El año pasado ocurrieron 53 ,485 accidentes viales, según la Secretaría de Vialidad y Transporte de Jalisco (SVT). La principal causa fue no guardar la distancia que marca la ley de tránsito; en segundo lugar, virar indebidamente y en tercer lugar, invadir el carril contrario, informó el director general de Seguridad Vial, Jesús Alberto Leyva Gutiérrez.

El Consejo Estatal para la Prevención de Accidentes en Jalisco (CEPAJ), considera que la distancia mínima para frenar un automóvil que viaja a 48 kilómetros por hora es de 23 metros; si viaja a 80, son necesarios 53 metros; en caso de circular a 112 lo ideal serían 96.

El promedio de los conductores accidentados se encontraba en la edad productiva, entre los 20 y 35 años. “Hablando en términos de género, los afectados que pertenecen al sexo masculino rebasa el 70% y el femenino llega apenas al 20%.

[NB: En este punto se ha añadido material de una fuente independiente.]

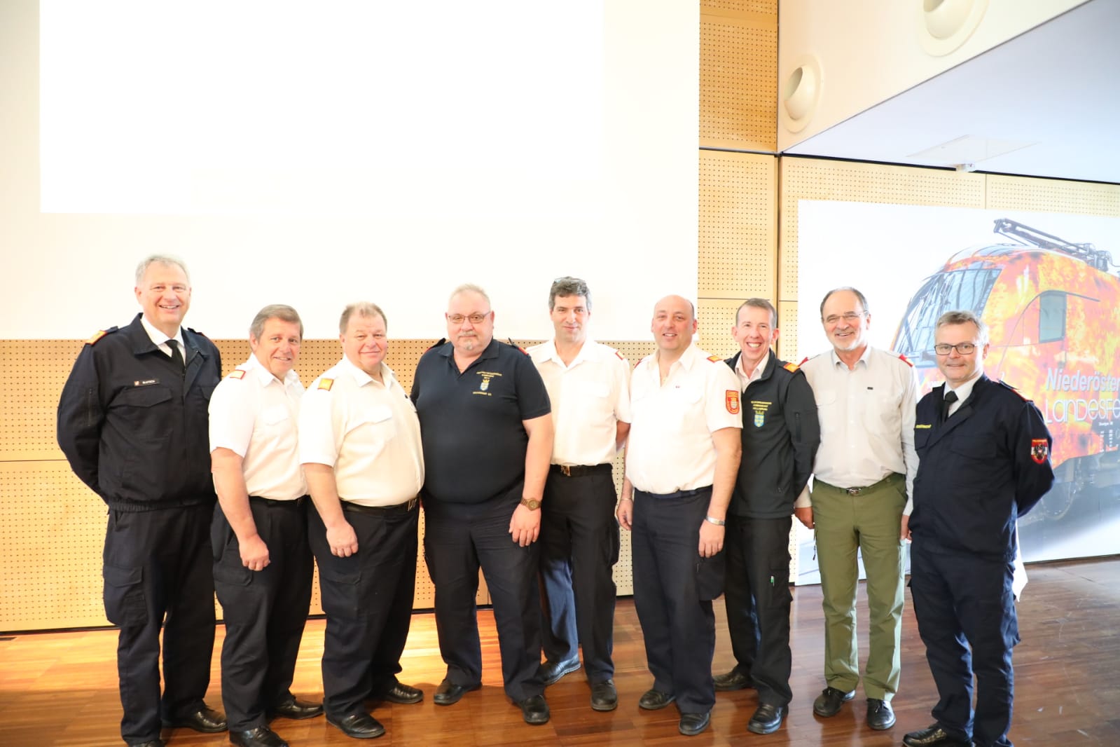 Am Foto der Feuerwehrpräsident des ÖBFV Franz Humer und Feuerwehrvizepräsident Armin Blutsch und der Leiter der Feuerwehrschule Burgenland Josef Bader sowie die Führungskräfte des Bezirksfeuerwehrkommandos Hollabrunn und den vier Abschnittsfeuerwehrkommanden.

El margen no registrado equivale al de las personas que se arreglan sin avisar a las autoridades”. A pesar de que los atropellamientos no son considerados accidentes viales, reconoció que se registra una gran cantidad de ellos.

“Es increíble ver que más de 50% de esos casos suelen suceder con un puente peatonal cerca y no lo usan por flojera”. De enero a marzo del año en curso, se practicaron 664 autopsias a personas fallecidas en accidentes registrados en la Zona Metropolitana de Guadalajara (ZMG); 512 corresponden al sexo masculino y 152 al sexo femenino.

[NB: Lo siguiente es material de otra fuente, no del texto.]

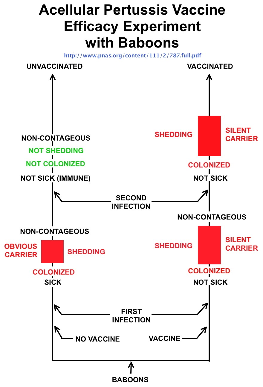 - Pertussis vaccine danger to immunocompromised -- Baboon study (diagram)

184 de esas personas fallecieron a causa de accidentes viales: 86 murieron atropelladas, 64 en choques y 34 en volcaduras. A los 664 cuerpos se les practicaron alcoholemias: 141 dieron positivas, 363 negativas, y a 164 no se les aplicó puesto que eran niños o habían estado previamente en algún sanatorio.

Otros factores son el alcohol y el uso del celular al manejar. En 2008, se practicaron dos mil 825 autopsias, de las cuales 852 pertenecieron a accidentes viales: 380 atropellados, 284 por choques y 188 por volcaduras.
En la mitad de los accidentes de tránsito, las víctimas fatales son jóvenes, en su mayoría del sexo masculino, de entre 15 y 25 años.

Se ha detectado la presencia de alcohol en la sangre en 35% de las muertes por accidente, indicó la secretaria técnica del Consejo Estatal para la Prevención en Accidentes Viales (CEPAJ)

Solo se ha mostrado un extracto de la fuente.